By Kelsey on February 27, 2013 5

Stubbornness & Why I Need to Be Better at Taking Advice

I stink at taking advice. I really do!  It goes in one ear and out the other. I always jump to the conclusion that the person who is giving me the advice doesn’t really know me or the whole story.

I don’t listen to anyone. I like to figure things out on my own and do them when they’re my  idea. (Eric knows this.) I anticipate that I know what things will be like in the future, but then when they’re not, I ask, why didn’t anyone tell me??? But maybe they did, and I just didn’t listen…

I’m stubborn. (Like my mom. ;) And I’m afraid I’ve passed it on to Rooney!)

Case in Point

We had a friend over a while ago. I asked him how his day was. He said it was discouraging. I listened to him, asked a question and then offered this:

“You have to have days like that. They teach you something.”

And I kind of surprised myself. Because that same exact day, I had cried not once but TWICE about missing Rooney (this was back before I got my new job). I kept telling Eric that I just wanted to see her more or stay at home with her.

Well, as I so matter-of-factly said to our friend, I have to have days like that. Because they help me realize what I really want, and if it goes on long enough or if the intensity of the emotion is high enough, I just might take a leap of faith and change my circumstances. (And I eventually did!) I was learning that Roo means more to me than any career.

Why do we give advice so much better than we take it?
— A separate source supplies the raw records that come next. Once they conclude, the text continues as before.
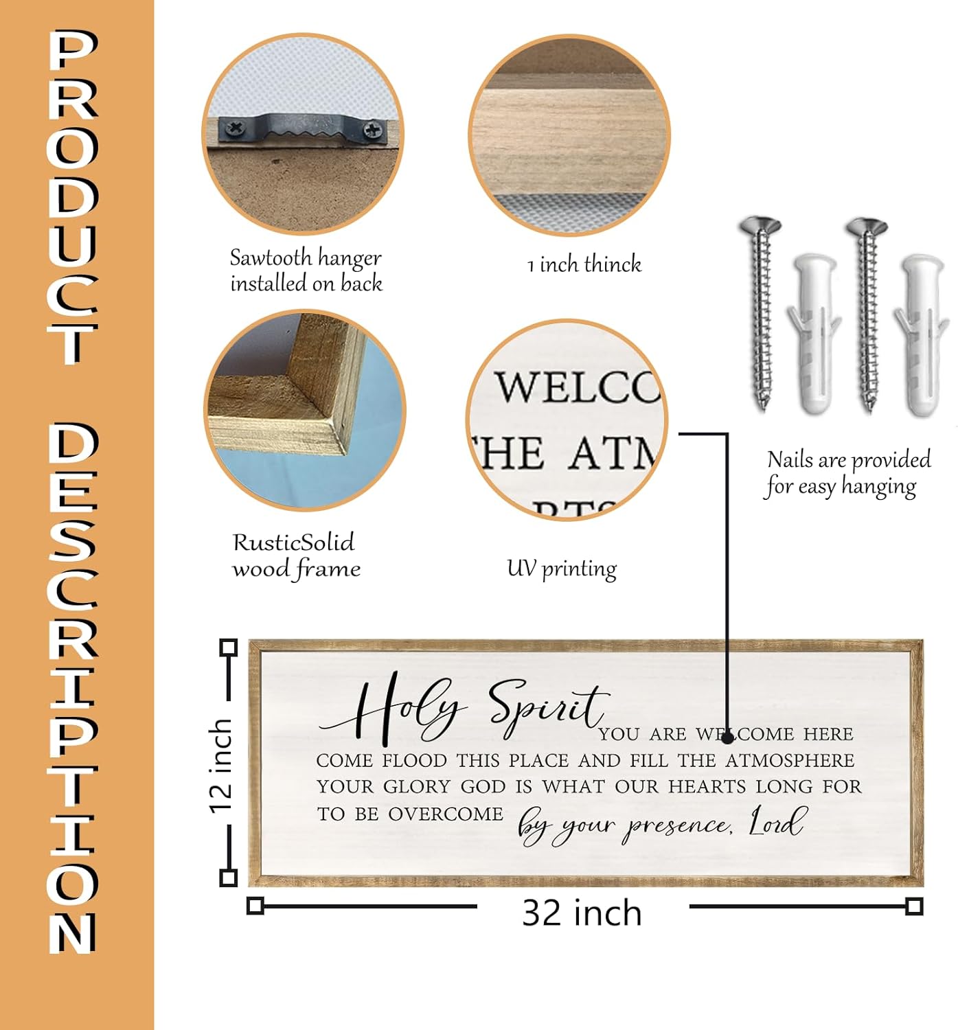 Holy Spirit You are Welcome Here Wall Decor Art 32x12 Inch Large Christian Song Bible Verse Plaque Wood Framed Sign Living Room Scripture Quote Religious For Office Wall Hanging (Wood)
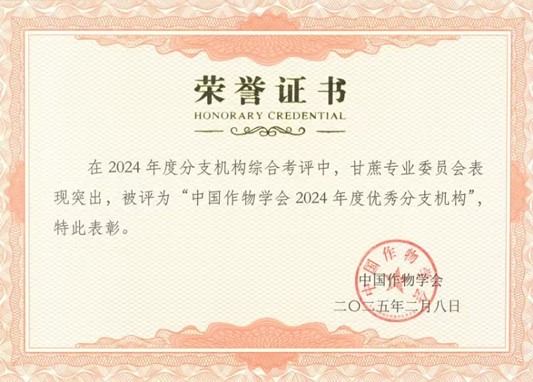 近日,中国作物学会对下属分支机构进行2024年度综合考核,分别评选出5家“TOP5优秀分支机构”和2家“优秀分支机构”,其中依托我校甘蔗专业委员会被授予“中国作物学会2024年度优秀分支机构”光荣称号。甘蔗专业委员会已连续两年获此殊荣。
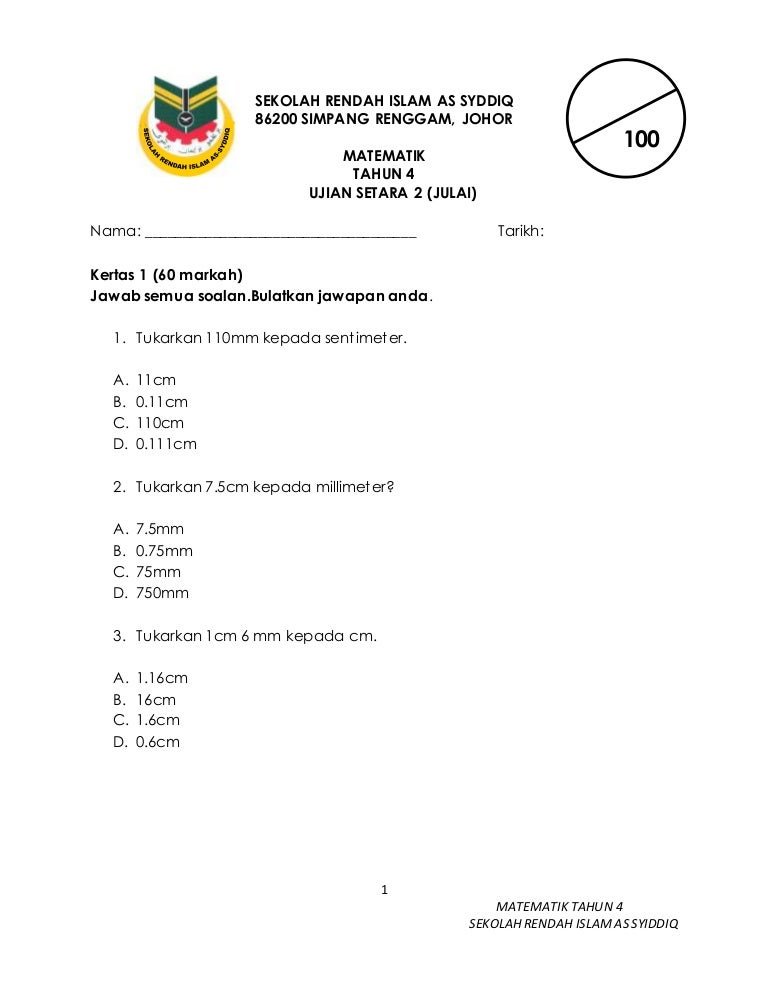 Ujian Matematik Tahun2 Kertas1 Mathematics Math 2 First Year
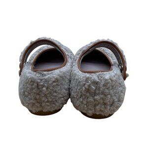Papanatas Girls Beige Shearling Strap Closure Flat Shoes Size US 7 EU 23- New
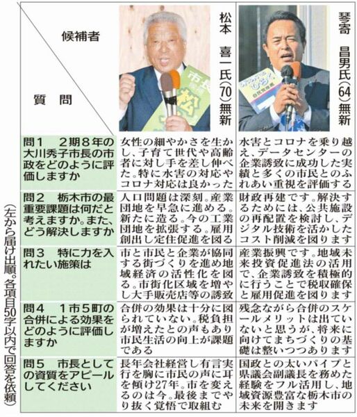 下野市議選立候補予定者アンケート 整備中のスマートIC周辺、ものづくり…
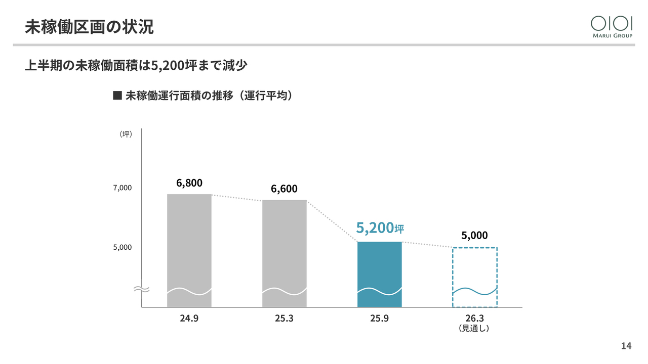 未稼働区画の状況です。未稼働面積は前年の6,800坪から5,200坪まで減少しました。
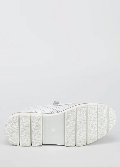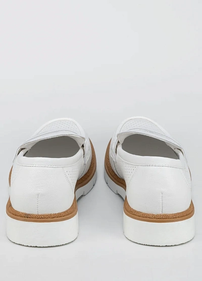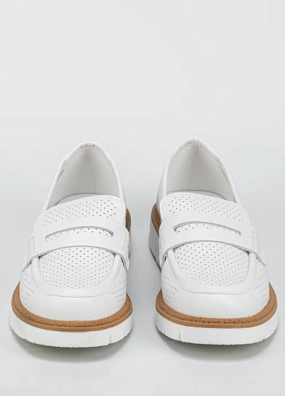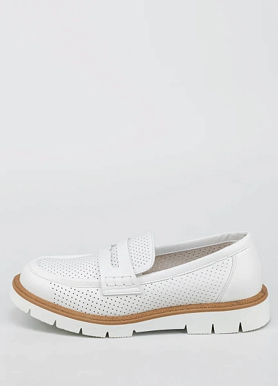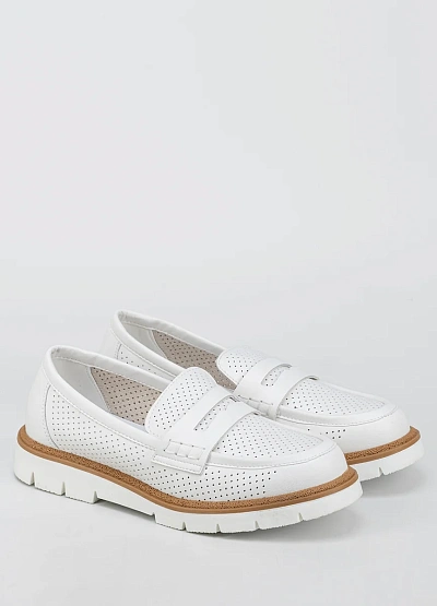 Женские лоферы белого цвета с контрастной подошвой выполнены в лаконичном стиле. Модель отличается перфорированным верхом и объёмной подошвой, что придаёт обуви современный вид.
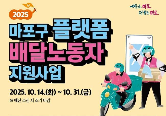 지원 대상은 마포구에 주민등록을 두고 마포직업소개소에 구직 등록한 플랫폼 배달노동자이며, 신청은 오는 31일까지 마포구청 고용협력과 방문을 통해 가능하다.
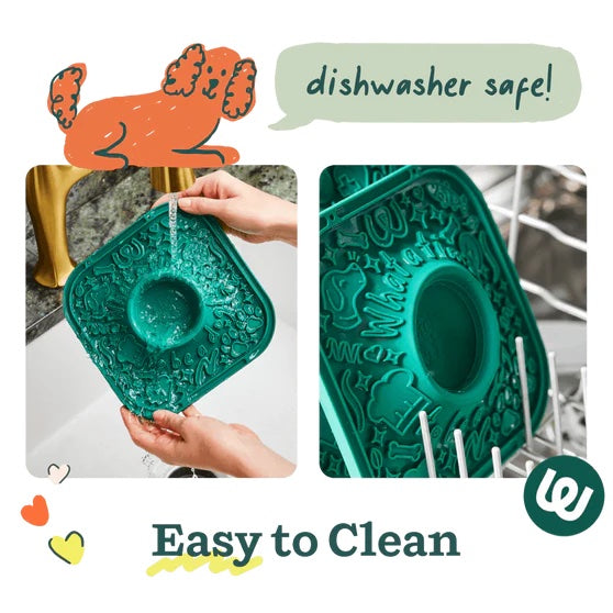 LickMat features suction cups for grip, is made of a non-toxic, BPA- and phthalate-free natural rubber, and comes in two colors: Forest Green and Lavender.
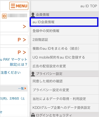 [au ID会員情報]をタップします。
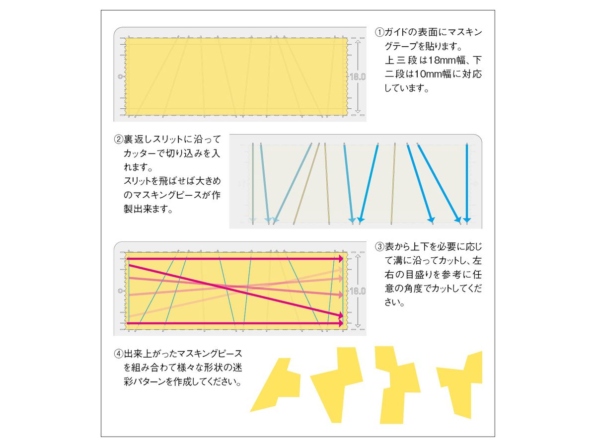 カクカクと折れる線に沿ってマスキングテープを切るストレスを軽減し、効率的に作業が出来ます。
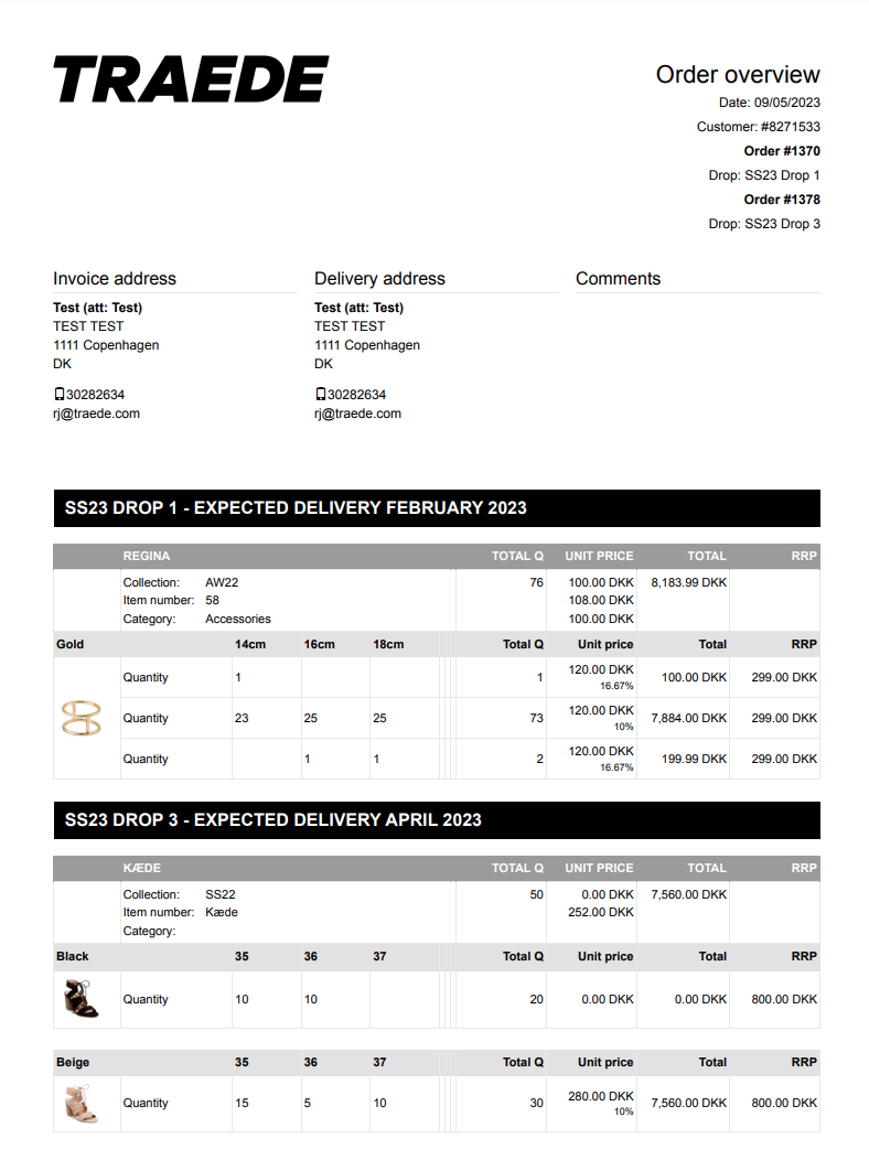 Note that if you use drops the order overview is divided into sections by drop. It is recommended to add delivery dates to your drops, so that your customers can easily see approximately when the goods are arriving.
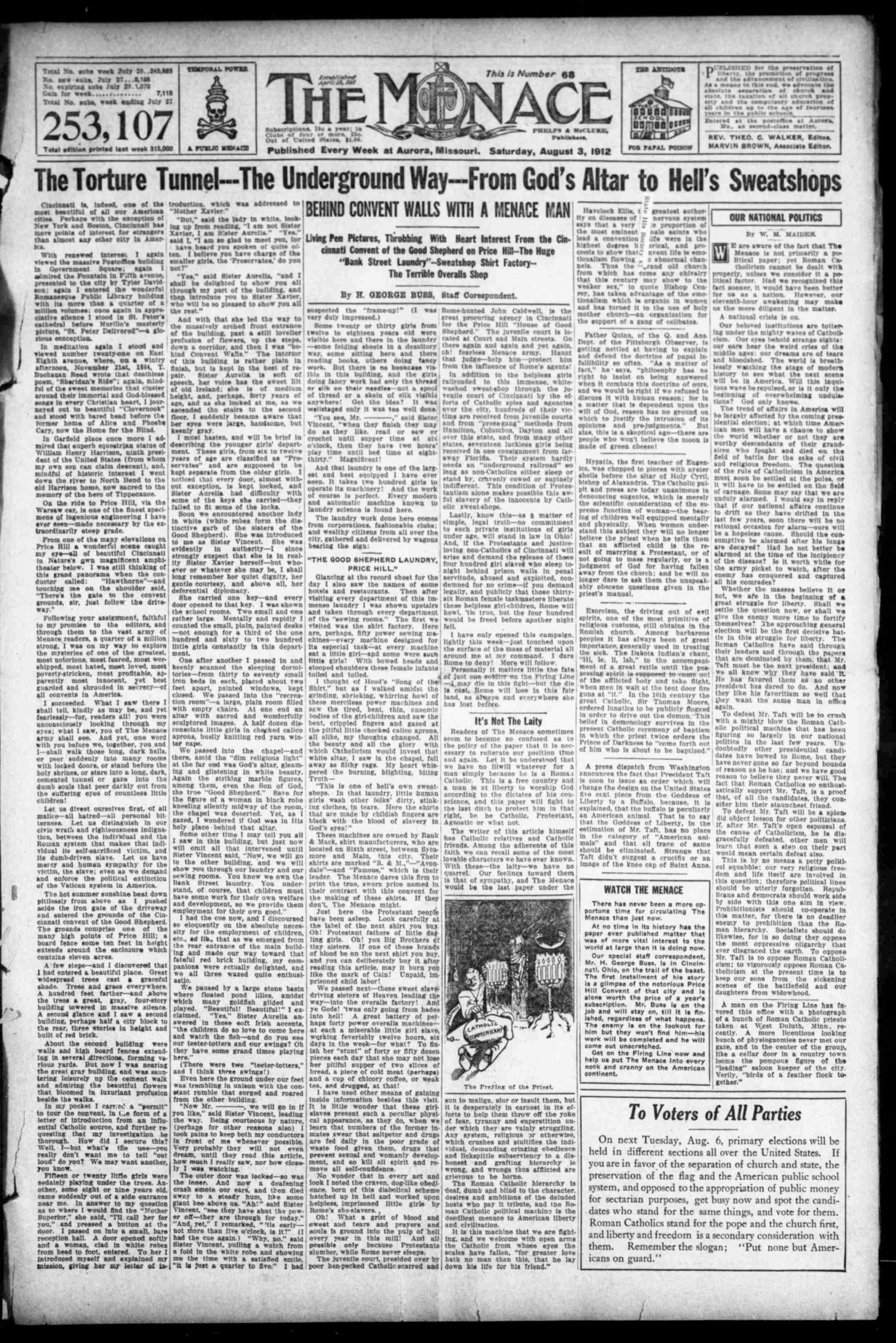 This is by no means a petty political squabble; our very religious freedom and life itself are involved in this question; therefore political lines should be utterly forgotten. Republicans and democrats should work side by side with this one aim in view. Prohibitionists should cooperate in this matter, for there is no deadlier enemy to prohibition than the Roman hierarchy. Socialists should do likewise, for in so doing they oppose their most oppressive oligarchy that ever disgraced the earth. To oppose Mr. Taft is to oppose Roman Catholicism; to vigorously oppose Roman Catholicism at the present time is to keep our sons from the sickening scenes of the battlefield and our daughters from widowhood.
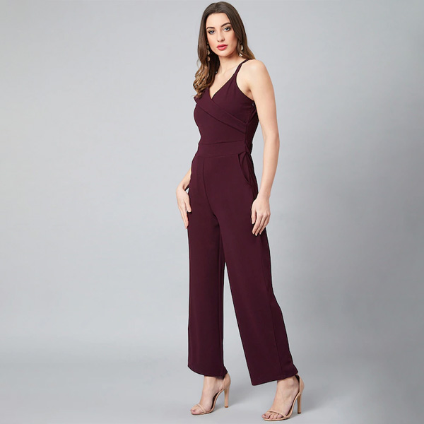 Burgundy solid basic jumpsuit, has a shoulder straps, sleeveless
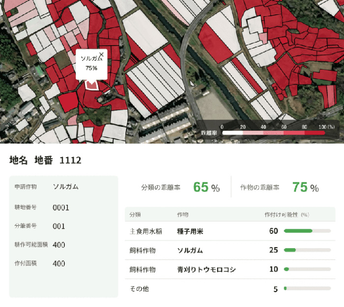 「デタバ」は衛星データを基に作付けされている作物を推定し、アプリ上に表示する。農地の所有者から申請されている作物と合っているかが一目で確認できる
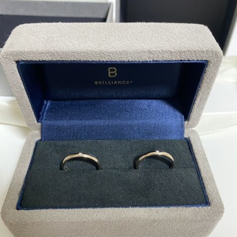 シンプルながら、女性用の方にはダイヤが入っていてキラキラしており、華美過ぎない上品なキラキラさに惹かれました。リングには女性用にも男性用にも斜めのラインが入っていて、指輪を合わせると両方のラインが繋がる二人だけにわかるデザインという点も良かったです。

I really am trying to change this. When someone tells me what they believe to be a universal truth, I ask more why questions to get to the heart of what they are really saying, and then think through how I can apply it to my own life.

Because other people are smart and there are plenty of people I can learn from.

P.S. This may seem to contradict what Eric wrote earlier this week. I think there is a difference from taking advice from strangers and taking advice from those who God has put in our lives to help us discern things. Here’s to hoping I can tell the difference.

Kelsey

I love my husband, my daughter and the Internet.

  1. Great and timely post! I also need to work on suspending my excuses and really listening to all the smart people in my life.
    It seems easy to clearly see a situation when one is not embroiled in it. Someone can give me sound, wonderful advice, but if I am not in a place to hear it, I’ll just make up excuses to justify maintaining the status quo.
    I just wrote about getting fed up with all the weight I’ve gained; a million people could have told me (as I would have told anyone I saw with a similar diet), “you eat too much sugar” and until *I* really couldn’t take it anymore, I just kept saying “BUT I exercise SO much and eat SO many greens, I DESERVE it.”

    • Oh, sugar. I’m the same way. Every time I get sick I’m like…”Oh yea! I eat sugar a ton at night!” I, too, tell myself that I deserve it because I eat just veggies for breakfast and lunch.

  2. You are not alone! I struggle with the same thing. So grateful for a patient husband!

  3. Someone gave me very similar advice last week. I was near tears with a really terrible day relationally, when I saw my good friend. I asked him, why, why was life piling up and becoming so terrible all today? He said to me, “Because God is trying to teach you something.” And it is so true. I realize that it can be so excruciatingly hard, but sometimes God needs to do crazy hard things to get our attention.